Novgorod with its vicinity (located on upper Volkhov and near Ilmen Lake) belonged to a separate territorial unit. The city of Novgorod itself was divided into five kontsy (концы) or boroughs: Nerevsky, Zagorodsky, Lyudin, Slavensky and Plotnitsky. The city was also divided into two sides: the left-bank of the Volkhov was called the Sophia Side and the right-bank the Commercial or Trade Side.

=== Core ===
Northwestern Russia – the lands near Ilmen Lake, Volkhov River, Ladoga Lake and Gulf of Finland, often referred to as Novgorod volost in chronicles, formed the core of the state. The assumptions of the internal structure of independent Novgorod are mostly based on the list of the builders of the Great Bridge over Volkhov (1260s) and the 1471 treaty between Novgorod and Casimir IV of Poland. The former lists ten parts of Novgorod itself and nine other entities. According to Burov (1993), these were tysyachas that, together with the capital made t'ma (lit. ten thousand), mentioned in the 1471 treaty.
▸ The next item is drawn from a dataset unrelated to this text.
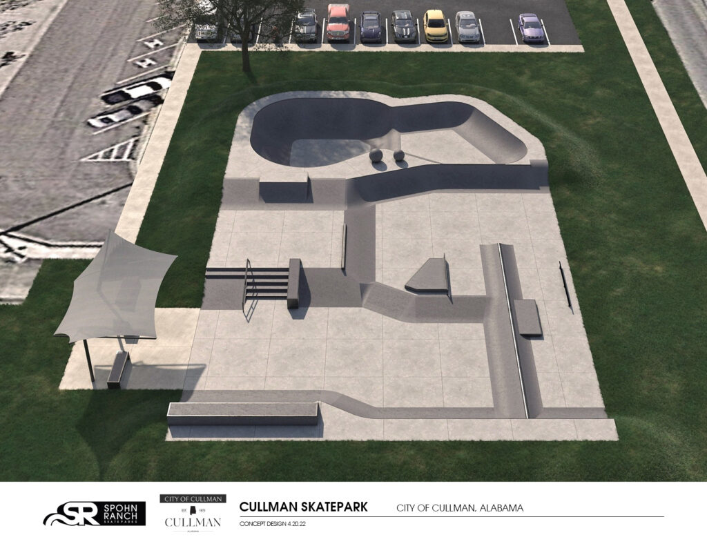 Mayor Woody Jacobs expressed his approval with the skatepark plans as well, saying, “Allowing our skatepark community to have access to a fun and safe skatepark really speaks volumes to the growth and variety of Cullman’s parks. We have sought out the best designers and engineers for this project and I’m excited to see this in development.”

Below is the list of tysyachas and their approximate locations:

- Rzhev'skaa (Ржевьскаа), to the southwest of Novgorod, near modern Novorzhev
- Bezhichkaa (Бежичкаа), to the east of Novgorod, with the town of Bezhetsk
- Voch'skaa (Вочьскаа; from the indigenous Votes), in Ingria
- Oboniskaya (Обониская), the southwestern shore of Ladoga Lake and near Onega Lake (that gave the name to the tysyacha) (Karelians, Pomors)
- Luskaa (Лускаа), to the west of Novgorod, west of Luga River (that gave the name to the tysyacha)
- Lop'skaya (Лопьская), the southern shore of Ladoga Lake and possibly territories to the north and west of the lake (Karelian Isthmus (f.e. Izhorians))
- Povolkhovskaya (Поволховская), in the lower reaches of Volkhov River, around the town of Staraya Ladoga
- Yazholvich'skaa (Яжолвичьскаа), to the southeast of Novgorod
- Knyazha (Княжа), to the south of Novgorod, with the centre in Staraya Russa, the second most important town in the country.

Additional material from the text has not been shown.